# Final (possibly lost) US tax return



## Charmaine2 (Sep 25, 2016)

I renounced my US citizenship in 2015, and filed my Form 8854 and final tax return on 12th Sept 2016 (the deadline is 17th Oct). 

I used the UK royal mail international tracked and signed service to send the items. According to both the royal mail and USPS tracking sites, IRS Philadelphia received the 8854 on 19th Sept. The tax return and 8854 sent to Austin is still "in transit" - the latest update shows arrival at O'Hare on 13th Sept and - that's it - no further updates.

I've signed up to USPS's delivery alerts but there's been nothing since the 13th.

Reading people's experiences online seems to indicate that information shown on the USPS tracking system is unreliable.
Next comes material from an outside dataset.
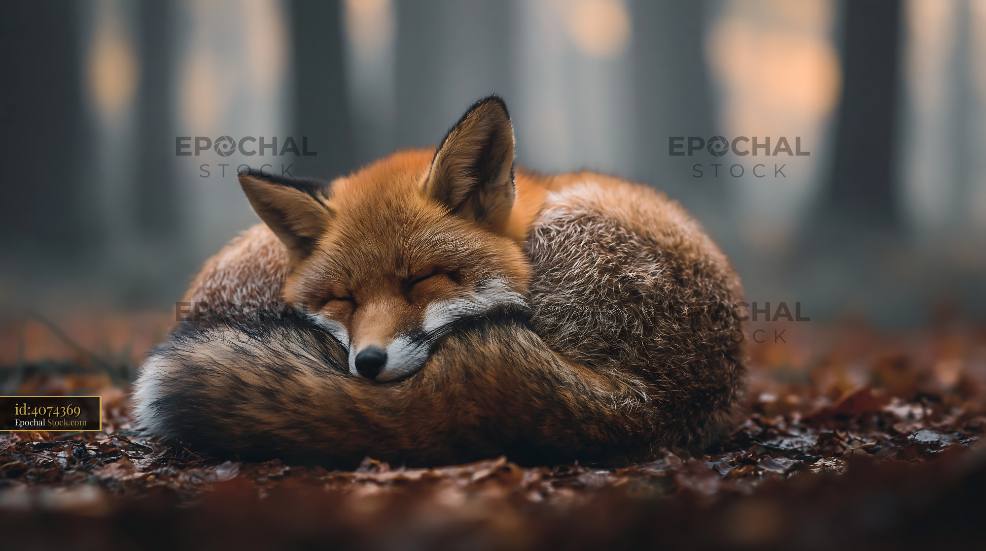 A peaceful red fox curled in a ball sleeps soundly on a bed of fallen autumn leaves, tucked away in the quiet solitude of a misty woodland during the golden hour.
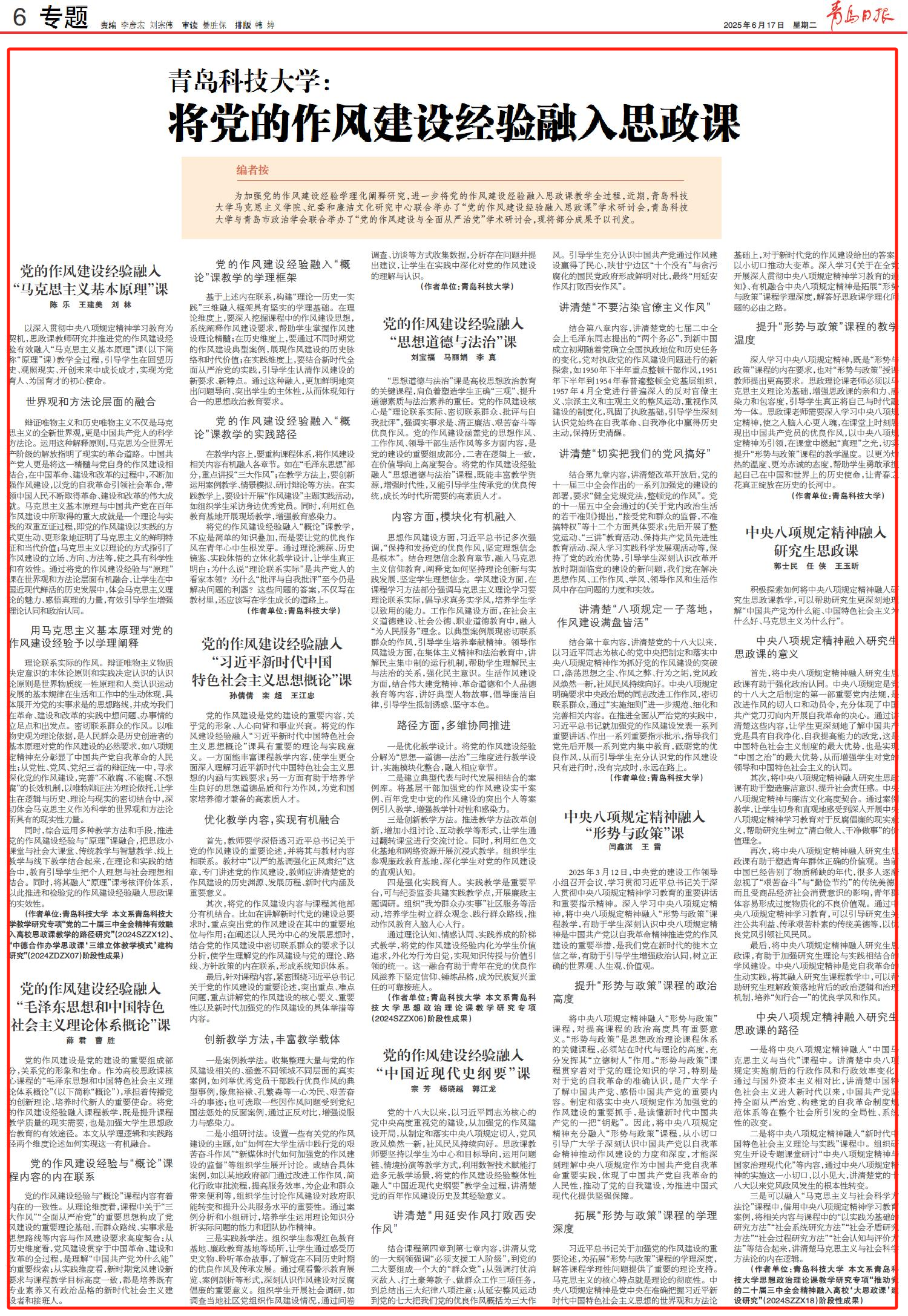 為加強(qiáng)黨的作風(fēng)建設(shè)經(jīng)驗學(xué)理化闡釋研究,進(jìn)一步將黨的作風(fēng)建設(shè)經(jīng)驗融入思政課教學(xué)全過程,近期,青島科技大學(xué)馬克思主義學(xué)院、紀(jì)委和廉潔文化研究中心聯(lián)合舉辦了“黨的作風(fēng)建設(shè)經(jīng)驗融入思政課”學(xué)術(shù)研討會,青島科技大學(xué)與青島市政治學(xué)會聯(lián)合舉辦了“黨的作風(fēng)建設(shè)與全面從嚴(yán)治黨”學(xué)術(shù)研討會,現(xiàn)將部分成果予以刊發(fā)。

So my package may have been delivered but not scanned or it hasn't been delivered yet or it's lost. Since my filing due date is 3 weeks away, I still have these options:

1. Assume the package is lost, and send another set of forms via a courier to the IRS street address in Austin.

2. Assume the package was delivered and do nothing. If the IRS contacts me, use my posting receipt and partial tracking history to show I mailed it on time and it reached Chicago before the deadline.

3. Contact the IRS now and ask for their advice (from previous experience, I can't imagine they will be very helpful).

I'd appreciate any thoughts on the best course of action.


----------



## Bevdeforges (Nov 16, 2007)

I'd go for option #2. The chances of the IRS contacting you are very, very small - whether or not they have received the Austin bound mailing. Unless there are hundreds of thousands of $$ in play here, just assume the package was received and get on with your life. You've done your due diligence.
Cheers,
Bev


----------



## Charmaine2 (Sep 25, 2016)

I can't imagine that the IRS would be especially interested in my finances so I will leave things as they are.

Thanks Bev.


----------